A more traditional approach to determine the absolute concentration of a protein (or proteins) in a complex mixture involves the use of stable isotope-labeled peptides spiked into the mixture. This allows direct correlation between the stable isotope-labeled peptide and its naturally occurring analog (13). Kuhn et al. (13) have carried out this stable isotope dilution strategy by using synthetic 13C-labeled peptides and multiple reaction monitoring as an analytical method for prescreening candidate protein biomarkers in human serum prior to antibody and immunoassay development.

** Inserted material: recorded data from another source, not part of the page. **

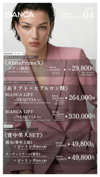 4月も糸リフトとニュービアのキャンペーンやっています!!
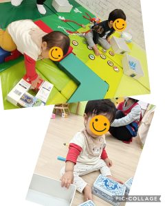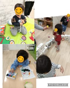 ままごとやお絵かき、ブロックそれぞれすきなコーナーに分かれて遊ぶ子どもたち😊
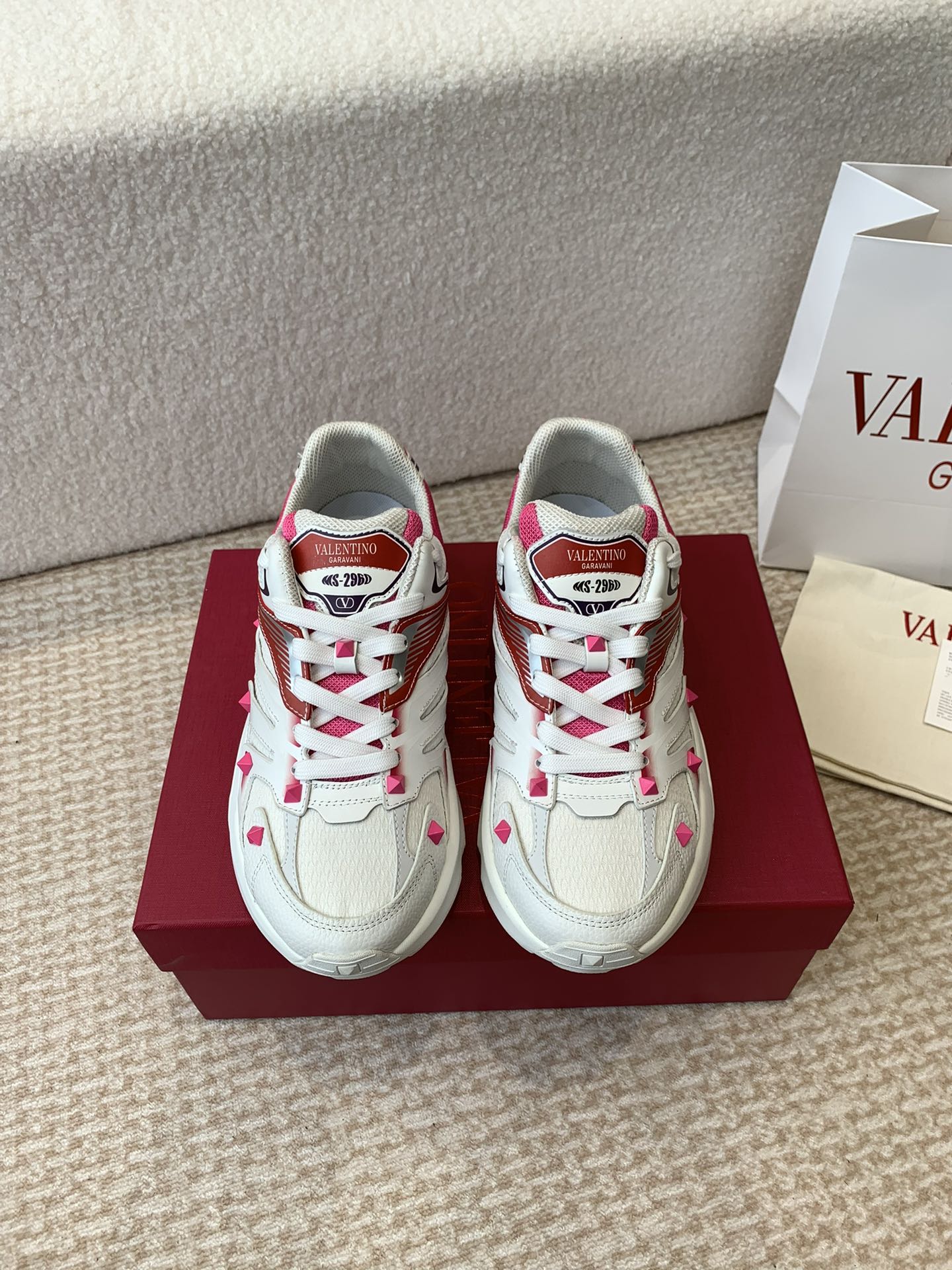 Valentino Sneaker 50mm In White Mix Red Pink Mesh Fabric And Cowhide 814276
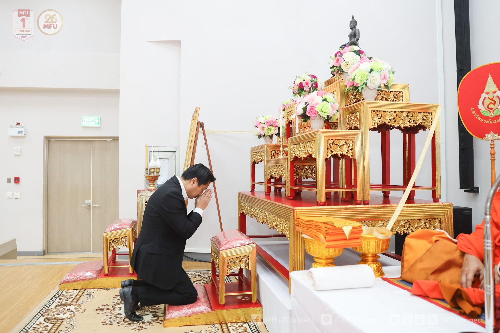 ในการนี้ ผศ.สุชิน กฤตลักษณ์วงศ์ คณบดีสำนักวิชานิติศาสตร์ เป็นประธานในพิธี พร้อมด้วยคณาจารย์ นักศึกษานิติศาสตร์ และเจ้าหน้าที่สำนักวิชา พร้อมกัน ณ สถานที่จัดพิธีในเวลา 09.00 น. จากนั้นประธานในพิธีจุดธูปเทียนบูชาพระรัตนตรัย จุดธูปเทียนเครื่องทองน้อยหน้าพระรูปพระเจ้าบรมวงศ์เธอพระองค์เจ้ารพีพัฒนศักดิ์ กรมหลวงราชบุรีดิเรกฤทธิ์ เจ้าหน้าที่นำอาราธนาศีล ประธานสงฆ์ให้ศีล เจ้าหน้าที่อาราธนาพระปริตร พระสงฆ์ 10 รูป สวดพระพุทธมนต์ ประธานและผู้ร่วมพิธีถวายไทยธรรม ประธานทอดผ้าไตรบังสุกุล พระสงฆ์สดับปกรณ์ จากนั้นพระสงฆ์อนุโมทนา ประธานกรวดน้ำ เป็นอันเสร็จพิธี
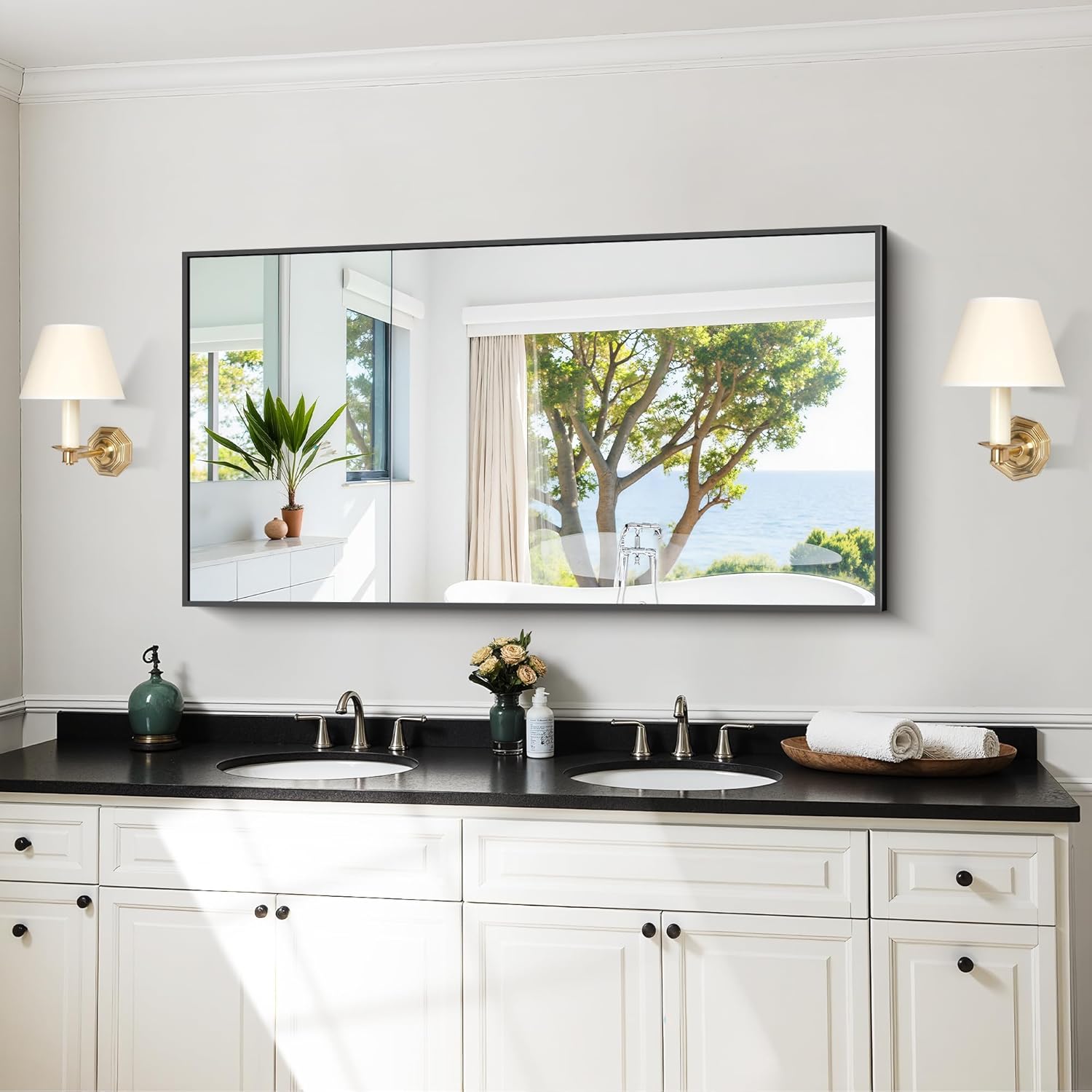 An ideal contemporary mirror for wall decoration with metal frame, very classic, perfectly goes with any decor, suitable for using in bathroom, dressing room vanity, hallway, bedroom, living room, entryway, fireplace. A great decorative wall mirror choice

Typically absolute quantification of proteins requires the use of one or more external reference peptides to generate a calibration-response curve for specific polypeptides from that protein (i.e. synthetic tryptic polypeptide product). The absolute quantification of the given protein is determined from the observed signal response for the specific polypeptide in the sample relative to that generated in the calibration curve. If the absolute quantification of a number of different proteins is to be determined, separate calibration curves are necessary for each specific external reference peptide for each protein. Absolute quantification allows one not only to determine changes between two conditions but also to perform quantitative protein comparisons within the same sample.
Gerber et al. (14) describe a conventional technique for absolute quantification of proteins and their corresponding modified states in complex mixtures using a synthesized peptide as a reference standard. The reference peptide is chemically identical to one of the naturally occurring tryptic peptides of a given protein. The reference standard is introduced to a complex mixture. The mixture is analyzed using LCMS to measure the corresponding signal intensity for the derivative peptide along with the endogenous peptide. This intensity signal response is compared with an intensity calibration curve created using the introduced synthetic molecule to determine the amount of the endogenous protein in the mixture. A disadvantage with using synthetic peptides is that extra steps are required to synthesize an authentic sample and to later "spike" the synthetic standard prior to being able to determine the absolute quantity of the protein itself. To perform the absolute quantification for a number of proteins within a mixture would require one to provide a synthetic standard for each protein of interest.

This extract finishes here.